Lloyd's Law Reporter
WEIR SERVICES AUSTRALIA PTY LTD V AXA CORPORATE SOLUTIONS ASSURANCE
[2017] NSWSC 259, New South Wales Supreme Court, Justice Hammerschlag, 17 March 2017
Insurance (liability) - Claim settled by assured prior to arbitration award - Award dismissing claim against assured - Whether insurers liable for settlement - Whether insurers liable for defence costs - Meaning of "occurrence" - Claims condition
Weir, an Australian company, entered into an agreement with a Philippines corporation, Phil Gold, under which Weir agreed to do certain refurbishment work - including welding - on a semi-autogenous grinding mill. The circumferential weld installed by Weir disintegrated in July 2011, leading to the failure of the SAG Mill. Phil Gold commenced arbitration proceedings in December 2013, seeking damages of some US$68 million. In December 2015, before the conclusion of the arbitration, the parties entered into a "cap and collar" agreement under which Phil Gold agreed that if it was successful in recovering damages from Weir, the amount would be capped at US$10,725,000 (the cap) in consideration for Weir agreeing to pay Phil Gold a minimum fixed amount of US$2 million whatever the outcome of the arbitration proceedings (the collar).The award, issued on 16 January 2016, dismissed Phil Gold's claim.
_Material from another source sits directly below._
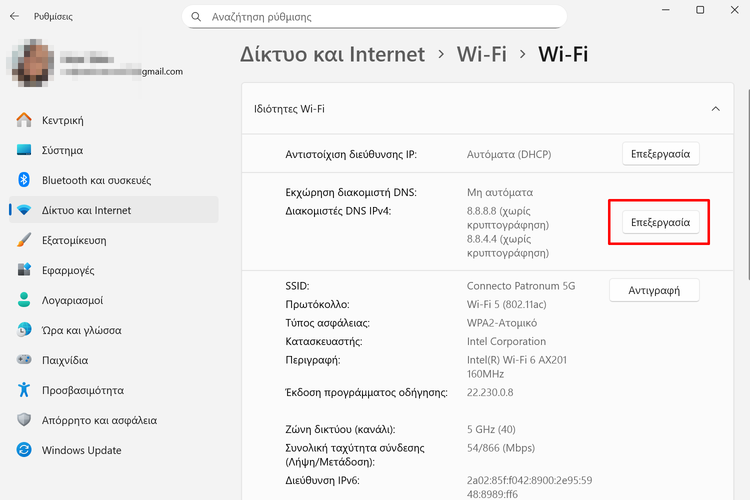 Μετά, στην ενότητα “Εκχώρηση διακομιστή DNS”, πατάμε το κουμπί “Επεξεργασία”.
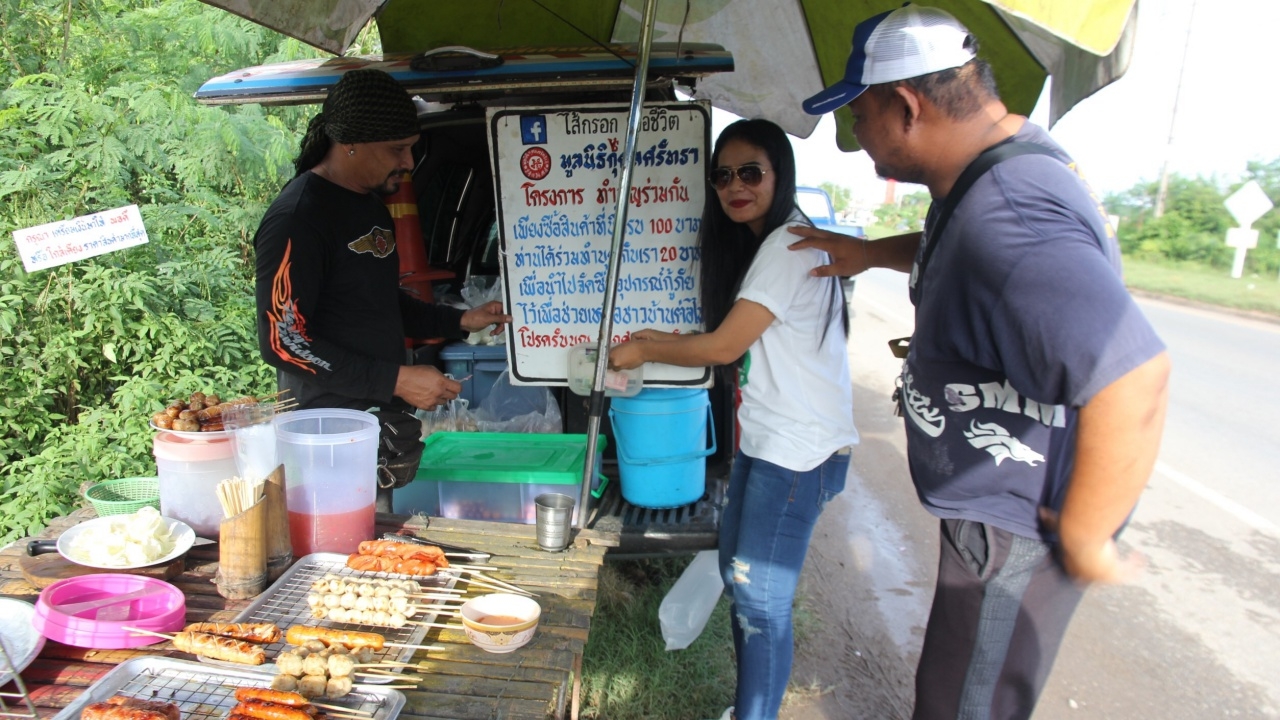 วันที่ 19 พ.ค. ที่ จ.สุราษฎร์ธานี ผู้สื่อข่าวรายงานว่า พบ นายพฤหัส คงมีสุข อายุ 43 ชาว ต.ทุ่งกง อ.กาญจนดิษฐ์ พ่อค้าขายลูกชิ้นปิ้ง-ไส้กรอกย่าง ริมถนนสายสุราษฎร์-นครศรีธรรมราช หมู่ 2 ต.ท่าทองใหม่ โดยตั้งขายคู่รถกู้ภัยกุศลศรัทธาสุราษฎร์ธานี พร้อมเขียนป้ายด้วยสีมีข้อความว่า "ไส้กรอกเพื่อชีวิต มูลนิธิกุศลศรัทธาสุราษฎร์ธานี โครงการทำบุญร่วมกัน เพียงซื้อสินค้าที่นี่ครบ 100 บาท ท่านได้ร่วมทำบุญกับเรา 20 บาท เพื่อนำไปจัดซื้ออุปกรณ์กู้ชีพ ไว้เพื่อช่วยเหลือชาวบ้านต่อไป โปรดรับบุญ รับกุศลร่วมกับเรา" ซึ่งได้รับความสนใจจากลูกค้าที่ผ่านไปผ่านมา ช่วยซื้อกันอย่างต่อเนื่อง

That meant Weir was liable to pay US$2 million under the collar, and along with defence costs, totalling US$7.6 million. There were two relevant policies held by Weir, issued by AXA: a global liability policy issued in England governed by English law, and a local broadform liability policy issued in Australia governed by the law of New South Wales. The global policy applied if there was no cover under the broadform policy. The court dismissed claims under both policies.